Bangka Barat, Babel (ANTARA) - Pemerintah Kabupaten Bangka Barat, Provinsi Kepulauan Bangka Belitung bersama Kejaksaan Negeri setempat memperkuat sinergi dan koordinasi dalam upaya penegakan hukum dan penerapan KUHP dan KUHAP.
Bupati Bangka Barat Markus di Mentok, Selasa, mengatakan telah melakukan rapat koordinasi dengan Kejaksaan Negeri Bangka Barat bersama seluruh unsur Forum Koordinasi Pimpinan Daerah di Kabupaten setempat untuk membahas upaya penegakan hukum.
Rapat koordinasi yang dipimpin Kepala Kejari Bangka Barat dan dihadiri Sekretaris DPRD, Kapolres, Ketua Pengadilan Negeri, seluruh Kapolsek di Bangka Barat bersama perwakilan instansi terkait ini dilaksanakan sebagai forum koordinasi dan sinergi antaraparat penegak hukum.

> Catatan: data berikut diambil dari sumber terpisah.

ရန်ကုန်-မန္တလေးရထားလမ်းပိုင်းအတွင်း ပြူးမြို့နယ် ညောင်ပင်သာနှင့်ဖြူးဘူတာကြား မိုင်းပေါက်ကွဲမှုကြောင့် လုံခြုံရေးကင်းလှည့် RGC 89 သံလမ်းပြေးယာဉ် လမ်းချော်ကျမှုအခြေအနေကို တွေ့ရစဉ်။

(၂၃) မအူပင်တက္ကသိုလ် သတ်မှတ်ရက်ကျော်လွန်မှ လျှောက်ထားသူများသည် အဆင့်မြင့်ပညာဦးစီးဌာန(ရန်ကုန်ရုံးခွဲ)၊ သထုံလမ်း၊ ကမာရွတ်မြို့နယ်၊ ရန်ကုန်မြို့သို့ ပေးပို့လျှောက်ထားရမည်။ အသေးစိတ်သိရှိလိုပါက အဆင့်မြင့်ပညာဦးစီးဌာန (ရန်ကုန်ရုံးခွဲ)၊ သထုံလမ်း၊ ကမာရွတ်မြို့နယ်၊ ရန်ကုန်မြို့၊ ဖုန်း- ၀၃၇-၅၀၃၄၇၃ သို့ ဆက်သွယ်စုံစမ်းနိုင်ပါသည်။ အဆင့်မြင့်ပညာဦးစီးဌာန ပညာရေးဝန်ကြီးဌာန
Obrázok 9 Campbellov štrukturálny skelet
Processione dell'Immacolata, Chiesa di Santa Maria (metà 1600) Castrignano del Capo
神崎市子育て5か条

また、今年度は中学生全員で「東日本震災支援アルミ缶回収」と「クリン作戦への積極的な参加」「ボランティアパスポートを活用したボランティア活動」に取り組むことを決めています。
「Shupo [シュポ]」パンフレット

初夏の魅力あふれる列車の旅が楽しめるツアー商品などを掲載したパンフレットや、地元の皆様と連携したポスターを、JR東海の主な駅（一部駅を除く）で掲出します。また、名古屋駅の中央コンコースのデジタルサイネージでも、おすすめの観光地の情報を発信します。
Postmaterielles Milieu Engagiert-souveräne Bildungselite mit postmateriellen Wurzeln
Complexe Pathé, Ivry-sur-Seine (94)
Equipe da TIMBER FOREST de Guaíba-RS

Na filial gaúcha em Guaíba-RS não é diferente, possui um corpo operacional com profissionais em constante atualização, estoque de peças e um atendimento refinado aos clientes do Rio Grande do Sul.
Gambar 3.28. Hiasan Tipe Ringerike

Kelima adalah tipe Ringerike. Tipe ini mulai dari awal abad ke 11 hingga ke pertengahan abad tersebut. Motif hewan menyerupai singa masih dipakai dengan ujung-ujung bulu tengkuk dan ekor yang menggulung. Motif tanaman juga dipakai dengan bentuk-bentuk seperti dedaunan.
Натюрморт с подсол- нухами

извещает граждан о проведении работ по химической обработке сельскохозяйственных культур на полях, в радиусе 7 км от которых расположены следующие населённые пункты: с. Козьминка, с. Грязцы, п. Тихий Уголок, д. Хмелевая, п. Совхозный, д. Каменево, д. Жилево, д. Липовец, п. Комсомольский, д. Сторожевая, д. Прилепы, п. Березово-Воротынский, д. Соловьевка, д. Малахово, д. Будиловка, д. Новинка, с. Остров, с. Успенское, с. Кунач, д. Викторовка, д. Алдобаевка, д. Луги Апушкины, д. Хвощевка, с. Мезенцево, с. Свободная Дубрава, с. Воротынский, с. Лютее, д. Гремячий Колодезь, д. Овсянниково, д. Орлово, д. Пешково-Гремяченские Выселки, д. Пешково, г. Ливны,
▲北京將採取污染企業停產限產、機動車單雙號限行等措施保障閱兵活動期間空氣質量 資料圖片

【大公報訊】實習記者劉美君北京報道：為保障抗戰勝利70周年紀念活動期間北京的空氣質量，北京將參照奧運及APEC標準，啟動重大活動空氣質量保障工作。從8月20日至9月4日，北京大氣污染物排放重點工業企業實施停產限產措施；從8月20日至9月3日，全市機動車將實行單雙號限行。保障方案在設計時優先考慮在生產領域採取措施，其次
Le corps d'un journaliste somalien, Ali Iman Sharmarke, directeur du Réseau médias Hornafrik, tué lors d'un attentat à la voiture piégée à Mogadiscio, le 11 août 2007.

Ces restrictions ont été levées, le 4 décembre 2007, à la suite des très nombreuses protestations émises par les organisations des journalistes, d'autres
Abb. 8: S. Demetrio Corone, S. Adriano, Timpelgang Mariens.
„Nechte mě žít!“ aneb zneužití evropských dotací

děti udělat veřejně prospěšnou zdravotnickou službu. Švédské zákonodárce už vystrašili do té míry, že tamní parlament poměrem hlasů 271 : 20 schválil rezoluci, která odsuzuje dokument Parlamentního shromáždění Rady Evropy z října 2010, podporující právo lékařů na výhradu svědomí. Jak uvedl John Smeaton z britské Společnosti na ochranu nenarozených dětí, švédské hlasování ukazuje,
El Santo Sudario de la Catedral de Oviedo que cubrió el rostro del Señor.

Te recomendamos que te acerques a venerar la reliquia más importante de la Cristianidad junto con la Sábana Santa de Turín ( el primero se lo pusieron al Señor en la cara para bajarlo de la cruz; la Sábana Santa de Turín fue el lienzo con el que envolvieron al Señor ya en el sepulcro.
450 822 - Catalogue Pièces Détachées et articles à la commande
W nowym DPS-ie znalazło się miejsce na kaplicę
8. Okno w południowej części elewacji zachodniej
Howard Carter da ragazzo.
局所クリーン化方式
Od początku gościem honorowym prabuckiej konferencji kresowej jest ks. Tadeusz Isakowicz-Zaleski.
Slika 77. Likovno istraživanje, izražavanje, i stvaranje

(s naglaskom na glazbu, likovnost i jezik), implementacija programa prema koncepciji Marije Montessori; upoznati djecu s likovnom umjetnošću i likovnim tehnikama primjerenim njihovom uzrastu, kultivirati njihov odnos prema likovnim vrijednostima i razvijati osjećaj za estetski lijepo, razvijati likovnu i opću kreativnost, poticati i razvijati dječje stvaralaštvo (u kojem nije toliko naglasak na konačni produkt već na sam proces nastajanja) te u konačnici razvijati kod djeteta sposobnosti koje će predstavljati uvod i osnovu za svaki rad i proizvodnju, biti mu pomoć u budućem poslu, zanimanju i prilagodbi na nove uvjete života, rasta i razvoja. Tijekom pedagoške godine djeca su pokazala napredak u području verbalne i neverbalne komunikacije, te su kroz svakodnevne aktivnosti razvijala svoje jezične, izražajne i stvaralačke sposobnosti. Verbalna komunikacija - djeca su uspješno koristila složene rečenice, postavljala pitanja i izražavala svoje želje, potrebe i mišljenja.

"Kita ingin menyamakan persepsi dan mempersiapkan penerapan KUHP dan KUHAP agar berjalan optimal, efektif, dan berkeadilan di wilayah Kabupaten Bangka Barat," kata Markus.
Melalui forum ini, diharapkan seluruh pihak memiliki pemahaman yang sama dalam menghadapi perubahan dan penyesuaian regulasi hukum pidana nasional.
"Kita menyambut baik pelaksanaan sosialisasi dan rapat pola koordinasi penerapan Undang-Undang KUHP dan KUHAP sebagai langkah strategis dalam membangun pemahaman bersama antar pemangku kepentingan," katanya.
Menurut dia, salah satu hal penting yang perlu dipahami bersama adalah penyesuaian sanksi pidana dalam peraturan daerah Kabupaten Bangka Barat agar selaras dengan ketentuan KUHP baru, khususnya terkait jenis dan batasan sanksi pidana.
"Dengan adanya penyesuaian tersebut, kita ingin memberikan jaminan kepastian hukum, proporsionalitas sanksi, serta perlindungan hak-hak masyarakat," katanya.